== Extracted entries ==
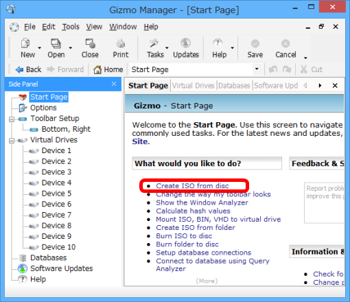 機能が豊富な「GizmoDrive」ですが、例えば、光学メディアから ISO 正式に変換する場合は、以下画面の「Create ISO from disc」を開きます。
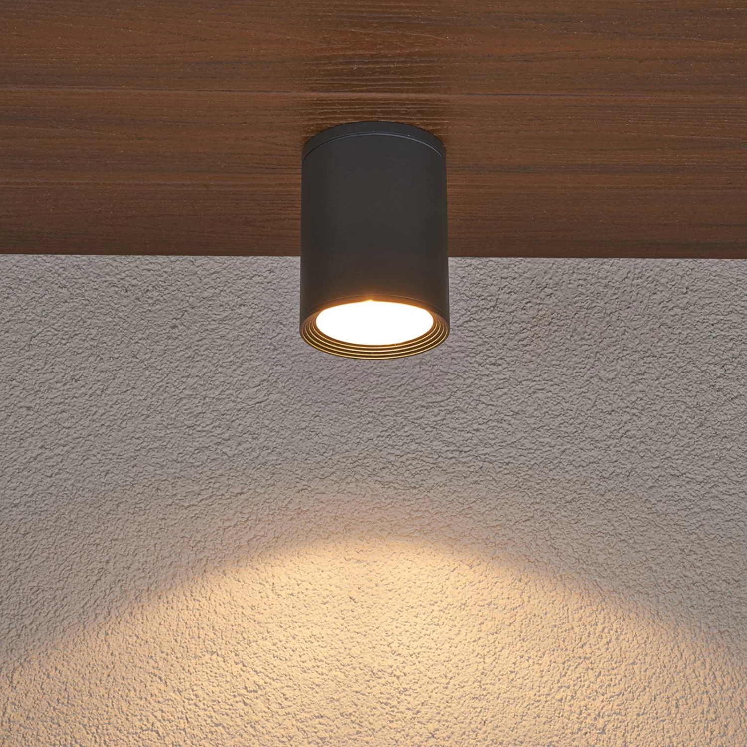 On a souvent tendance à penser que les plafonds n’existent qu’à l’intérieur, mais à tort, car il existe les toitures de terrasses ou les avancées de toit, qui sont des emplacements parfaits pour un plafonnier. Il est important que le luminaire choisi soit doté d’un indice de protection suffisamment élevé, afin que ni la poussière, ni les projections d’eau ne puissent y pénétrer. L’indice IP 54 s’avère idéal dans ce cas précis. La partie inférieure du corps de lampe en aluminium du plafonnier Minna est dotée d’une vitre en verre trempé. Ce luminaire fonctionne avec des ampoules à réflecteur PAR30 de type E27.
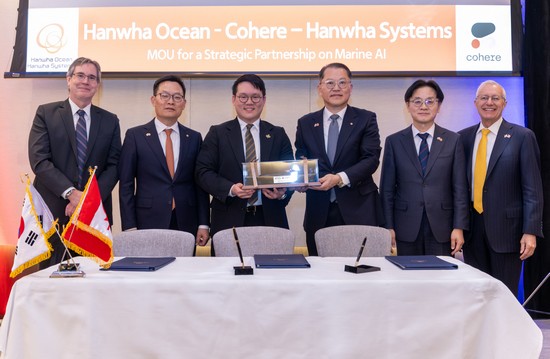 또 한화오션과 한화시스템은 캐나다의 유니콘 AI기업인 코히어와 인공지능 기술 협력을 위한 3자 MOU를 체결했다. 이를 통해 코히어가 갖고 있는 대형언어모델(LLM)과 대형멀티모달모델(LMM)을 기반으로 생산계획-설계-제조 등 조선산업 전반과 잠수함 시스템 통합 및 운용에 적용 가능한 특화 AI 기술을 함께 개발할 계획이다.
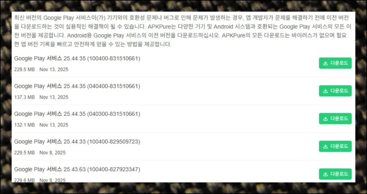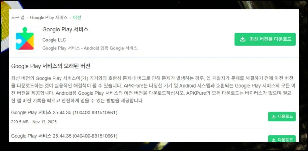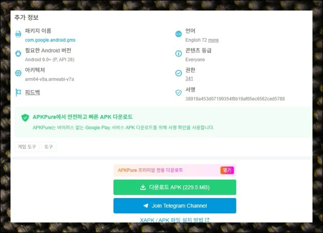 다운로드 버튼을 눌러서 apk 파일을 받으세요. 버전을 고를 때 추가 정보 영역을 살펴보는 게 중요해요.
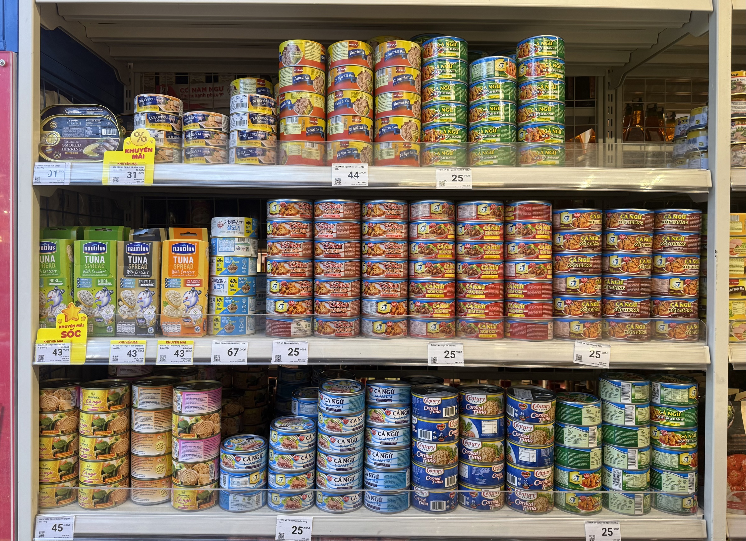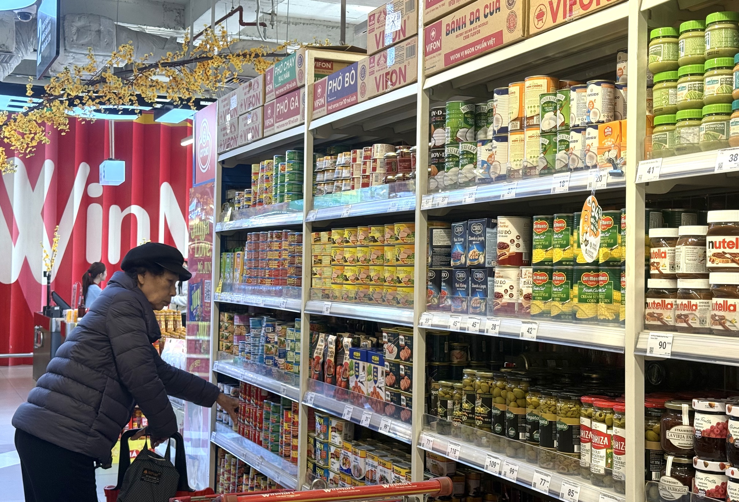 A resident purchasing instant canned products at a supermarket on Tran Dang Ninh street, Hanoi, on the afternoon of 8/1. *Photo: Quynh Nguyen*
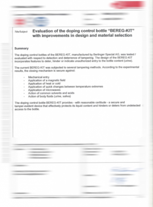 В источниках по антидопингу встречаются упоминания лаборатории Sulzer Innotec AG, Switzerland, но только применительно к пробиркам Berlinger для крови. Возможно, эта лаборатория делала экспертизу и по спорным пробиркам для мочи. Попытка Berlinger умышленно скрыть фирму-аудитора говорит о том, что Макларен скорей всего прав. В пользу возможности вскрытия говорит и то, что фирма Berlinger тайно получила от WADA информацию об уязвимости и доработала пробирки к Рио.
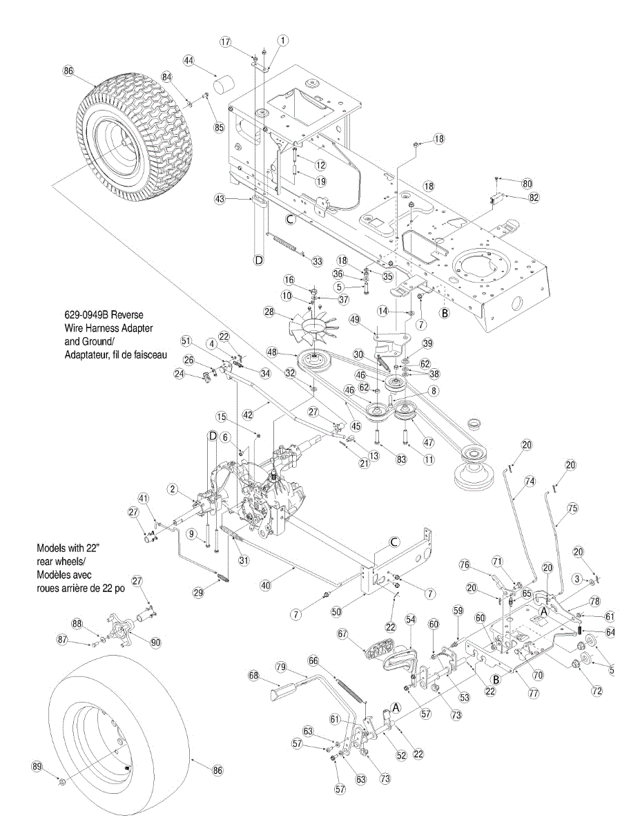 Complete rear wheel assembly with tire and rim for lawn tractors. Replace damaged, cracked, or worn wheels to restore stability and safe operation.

== What is being asked ==
Write out again only the lines from the line that contains "В источниках по" through the last line of the records, both ends included, without any of the pictures.

== Written response ==
 В источниках по антидопингу встречаются упоминания лаборатории Sulzer Innotec AG, Switzerland, но только применительно к пробиркам Berlinger для крови. Возможно, эта лаборатория делала экспертизу и по спорным пробиркам для мочи. Попытка Berlinger умышленно скрыть фирму-аудитора говорит о том, что Макларен скорей всего прав. В пользу возможности вскрытия говорит и то, что фирма Berlinger тайно получила от WADA информацию об уязвимости и доработала пробирки к Рио.
 Complete rear wheel assembly with tire and rim for lawn tractors. Replace damaged, cracked, or worn wheels to restore stability and safe operation.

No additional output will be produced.